The Fund offers multiple classes of shares which provide investors with different purchase options. Class A shares are offered to investors subject to an initial sales charge. Class C shares are offered to investors without an initial sales charge but are subject to higher ongoing expenses than Class A shares and a contingent deferred sales charge payable upon certain redemptions within one year of purchase. Institutional Class shares are offered to a limited group of investors, are not subject to initial or contingent deferred sales charges and have lower ongoing expenses than other classes. Class S shares are not subject to initial or contingent deferred sales charges and are generally not available to new investors except under certain circumstances.
Investment income, realized and unrealized gains and losses, and certain fund-level expenses and expense reductions, if any, are borne pro rata on the basis of relative net assets by the holders of all classes of shares, except that each class bears certain expenses unique to that class such as distribution and service fees, services to shareholders and certain other class-specific expenses. Differences in class-level expenses may result in payment of different per share dividends by class. All shares of the Fund have equal rights with respect to voting subject to class-specific arrangements.
The Fund's financial statements are prepared in accordance with accounting principles generally accepted in the United States of America which require the use of management estimates. Actual results could differ from those estimates. The policies described below are followed consistently by the Fund in the preparation of its financial statements.
Security Valuation. Investments are stated at value determined as of the close of regular trading on the New York Stock Exchange on each day the exchange is open for trading. Equity securities and closed end investment companies are valued at the most recent sale price or official closing price reported on the exchange (US or foreign) or over-the-counter market on which the security is traded most extensively. Securities for which no sales are reported are valued at the calculated mean between the most recent bid and asked quotations on the relevant market or, if a mean cannot be determined, at the most recent bid quotation.

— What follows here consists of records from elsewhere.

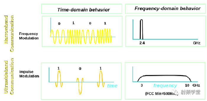 下图给出了 FM 调制和脉冲调制的对比,正是这个脉冲调制使得 UWB 信号能够工作在一个较宽的频带内。其实在早期,UWB 技术的名字就叫作脉冲无线电 Impulse Radio,1989 年才拥有了现在的名字。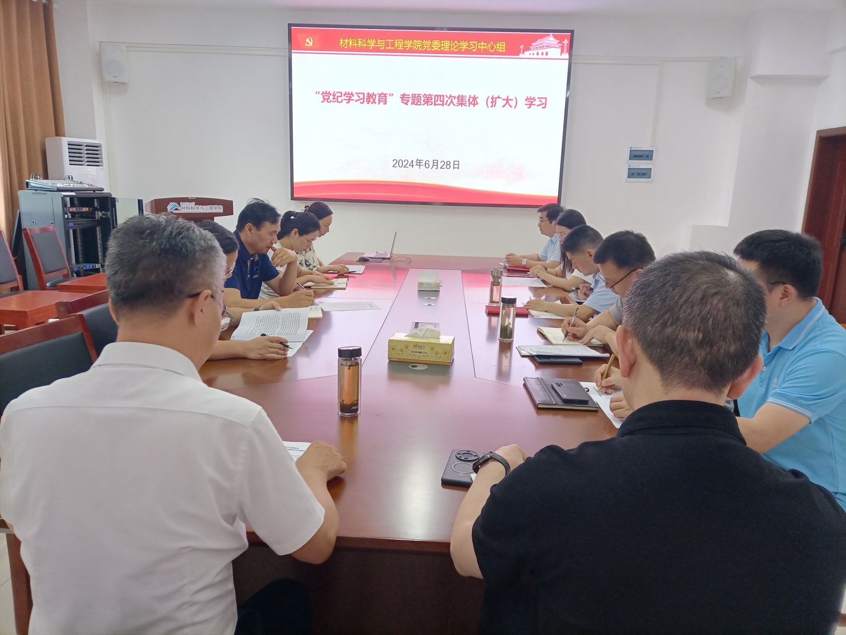 6月28日下午,院党委理论学习中心组在知行楼A140会议室举行“党纪学习教育”专题第四次集体(扩大)学习,深入学习贯彻习近平总书记关于全面加强党的纪律建设的重要论述精神,拓展深化以案说德、以案说纪、以案说法、以案说责。院党委书记乐斌辉主持学习并作中心发言,全体院党委委员、院领导,党政办、教务办、学工办主任,各党支部书记参加学习。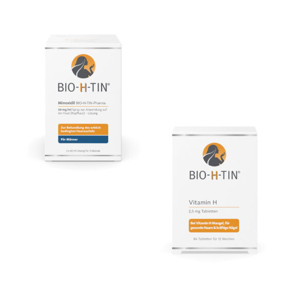- Doppelte Wirkung: Minoxidil stimuliert das Haarwachstum von außen, während Vitamin H die Haare von innen heraus stärkt.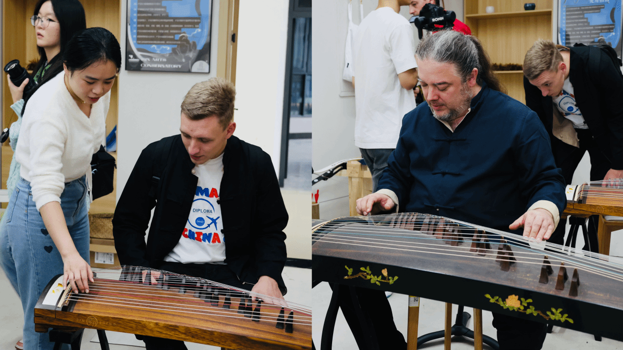 接着,德国学生们有机会亲手触摸并体验了各种中国传统兵器,这些兵器背后蕴含的历史和战术知识让他们对中国的军事文化产生了浓厚的兴趣。在充满古韵的中华传习室,德国师生一起聆听了中国传统古筝的演奏,学生们对这种古老乐器的音色和演奏技巧感到惊叹,他们也在老师的指导下尝试演奏了几首简单的曲目,体验了音乐与文化的交融。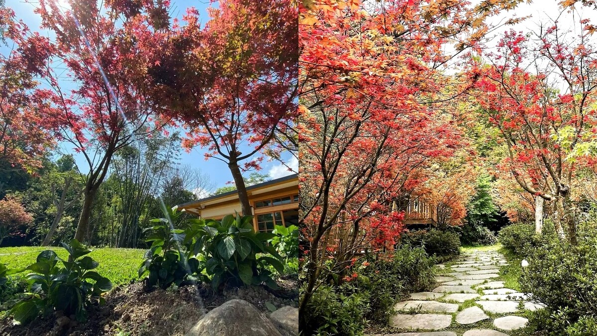 台北人想賞楓?陽明山就是首選!一直都是熱門賞楓景點的福田園教育休閒農場,有100多棵香似於楓樹的日本紅槭環繞著園區,春季、秋季都能看到轉紅的美麗景色。在大自然景色之外,園區內還有一座繩索吊橋、日式建築造景都是不能錯過的拍照景點,在風光明媚天氣下有著如置身日本的錯覺。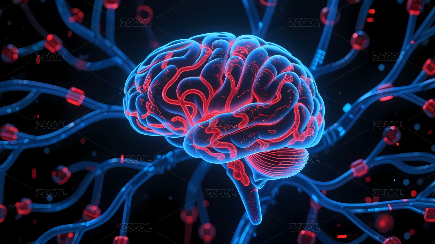蓝色,未来,科技,黄色,紫色,大脑,神经网络,粉色,线条,点状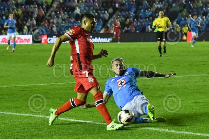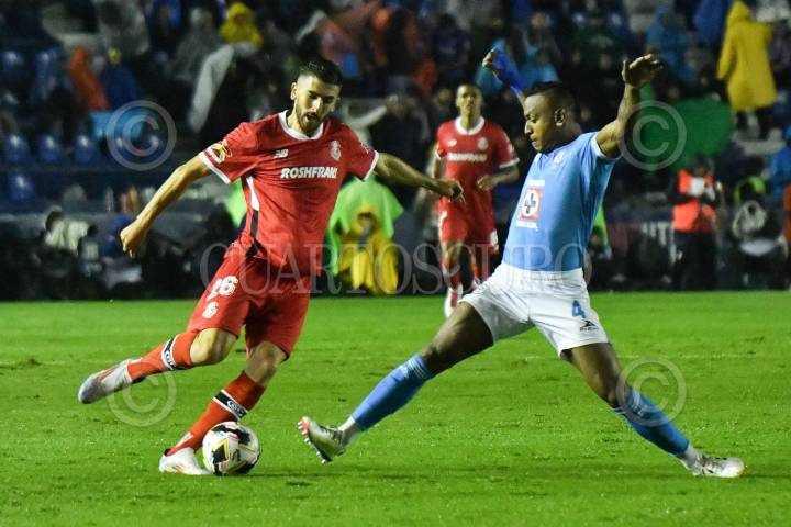 CIUDAD DE MÉXICO, 20JULIO2014.- Juan Domínguez, mediocampista de Toluca, frente a la marca de Gonzalo Piovi, defensa de Cruz Azul, durante el partido correspondiente a la jornada 4 del Torneo Apertura 2024 de la Liga MX llevado a cabo en el estadio Ciudad de los Deportes. FOTO: MARIO JASSO/CUARTOSCURO.COM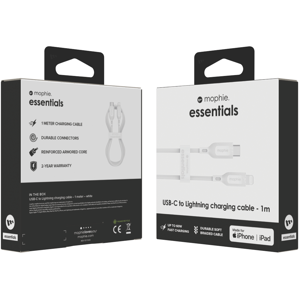 Power up your iPhone on the go with the durable Mophie Essential USB-C-Lightning Cable. This 1-metre braided cable provides a vital connection between your iPhone and USB-C power adapter or computer enabling high-speed charging and syncing. The cable's reinforced design delivers heavy-duty performance and protection against the rigours of everyday use. With a USB-C connector on one end and Lightning on the other you can conveniently juice up your iPhone using the latest chargers and power banks. Plus the cable transfers data between devices at USB 2.0 speeds up to 480Mbps. Designed for iPhones the cable transmits up to 60W of power for fast charging. And weighing just 58 grams it's lightweight and portable. The compact connectors and flexible cable make connecting straightforward while still fitting into pockets and bags. This high-quality USB-C to Lightning charger cable brings you reliable long-lasting performance. And with a 2 year warranty it's built to last. The manufacturer's part number for this product is 11901312459.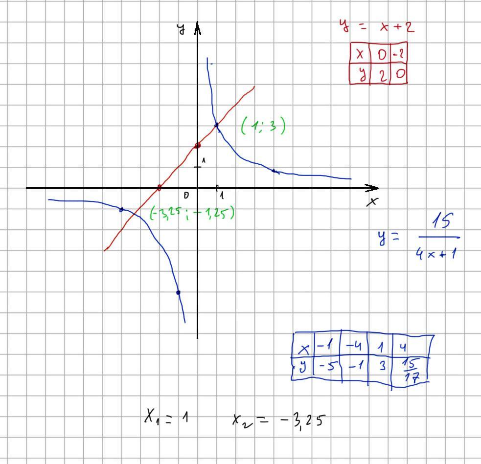 у=х+2 и у=15/4х+1

Debt securities are valued by independent pricing services approved by the Trustees of the Fund. If the pricing services are unable to provide valuations, the securities are valued at the average of the means based on the most recent bid or evaluated price, as applicable, obtained from a broker-dealer. Such services may use various pricing techniques which take into account appropriate factors such as yield, quality, coupon rate, maturity, type of issue, trading characteristics and other data, as well as broker quotes.

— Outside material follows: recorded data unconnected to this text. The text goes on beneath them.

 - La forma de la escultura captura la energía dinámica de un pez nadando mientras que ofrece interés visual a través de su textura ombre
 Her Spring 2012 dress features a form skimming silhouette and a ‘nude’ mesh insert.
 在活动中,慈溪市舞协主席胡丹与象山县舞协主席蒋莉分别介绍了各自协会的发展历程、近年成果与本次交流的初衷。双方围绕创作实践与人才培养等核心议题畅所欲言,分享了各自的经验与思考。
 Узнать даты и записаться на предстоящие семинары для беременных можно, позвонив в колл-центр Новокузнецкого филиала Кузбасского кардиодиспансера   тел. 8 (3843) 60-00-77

Money market instruments purchased with an original or remaining maturity of sixty days or less, maturing at par, are valued at amortized cost. Investments in open-end investment companies and Cash Management QP Trust are valued at their net asset value each business day.
Securities and other assets for which market quotations are not readily available or for which the above valuation procedures are deemed not to reflect fair value are valued in a manner that is intended to reflect their fair value as determined in accordance with procedures approved by the Trustees. The Fund may use a fair valuation model to value international equity securities in order to adjust for events which may occur between the close of the foreign exchanges and the close of the New York Stock Exchange.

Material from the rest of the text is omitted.